- Directed by: John G. Thomas
- Written by: Russ Reina
- Produced by: John G. Thomas
- Starring: Tyrone Power Jr. Tobey Maguire John Johnston Turhan Bey DeLane Matthews David McCallum
- Cinematography: Maximo Munzi
- Music by: Kamen Dranduski Willy Kazasian
- Release date: 1994;
- Running time: 106 minutes
- Country: United States
- Language: English

= Healer (film) =

Healer is a 1994 American dramatic film starring Tyrone Power Jr., Tobey Maguire, David McCallum, John Johnston, Turhan Bey, DeLane Matthews and directed by John G. Thomas.

==Plot==
An ex-con has just been paroled to a work-release program where he must work off his final year as an ambulance Emergency Medical Technician in the retirement resort, Seabreeze.
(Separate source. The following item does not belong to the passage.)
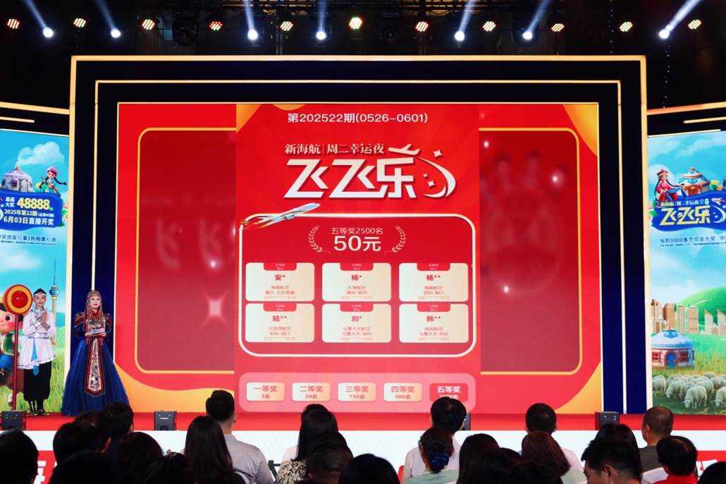 新海航“飞飞乐”周二幸运夜现金抽奖活动是海航航空集团与消费者共享企业发展成果、助力航空旅游经济发展新路径的创新性重点项目,每周二开展一场直播抽奖并通过海南航空APP进行直播。活动期间,旅客凭中国大陆有效身份证件实际乘坐海航航空集团旗下11家指定航司任一航班,即可自动获得下一个自然周周二现金抽奖的参与资格。11家指定航司包括海南航空、首都航空、天津航空、祥鹏航空、西部航空、北部湾航空、福州航空、乌鲁木齐航空、长安航空、金鹏航空和大新华航空。活动每期抽奖设置现金奖项名额3173个,其中一等奖3个,奖金金额为48888元,其余奖项奖金金额分别为5000元、1000元、200元和50元。中奖旅客自中奖公布次日起30个日历天内,还可享受海航航空集团旗下境内航司自营国内指定航班经济舱全票价3折购票礼遇。

David McCallum plays a comedic role as the "Jackal" an opportunistic drifter who uses the emergency system as a personal taxi service to allow him to feed his drug habit and get out of trouble.

==Cast==
Turhan Bey came out of an over forty year absence from film acting to play an elderly man confined to a nursing home who provides the main character reason to carry on in an incredibly demanding job. This was David McCallum's penultimate on-screen film role. Tobey Maguire had one of his earliest roles as a stoned teenager in a car wreck. The screenplay was written by Russ Reina, based on his personal experience as a paramedic. Cinematography was by Maximo Munzi, with editing by Dann Cahn and music by Kamen Dranduski and Willy Kazasian. The film had its premiere at the Santa Barbara International Film Festival on March 4, 1994. Variety reviewed the film at its festival premiere, describing the script as "schematic" and drawing on "all-too-obvious contrasts between children who neglect their aging parents and those who sacrifice themselves completely to the cause," while crediting David McCallum's Jackal character as providing effective comic relief in "an otherwise stale film."

===Main cast===
- Tyrone Power Jr. as Nickel (credited as Tyrone Power)
- John R. Johnston as Brent (credited as John R. Johnson)
- Turhan Bey as Igor Vostovich
- DeLane Matthews as Francie
- David McCallum as The Jackal
- Lee Patterson as Sergeant Gaylor

===Supporting cast===
- Tobey Maguire as Teenager
- Jeanne Stawiarski as Waitress (uncredited)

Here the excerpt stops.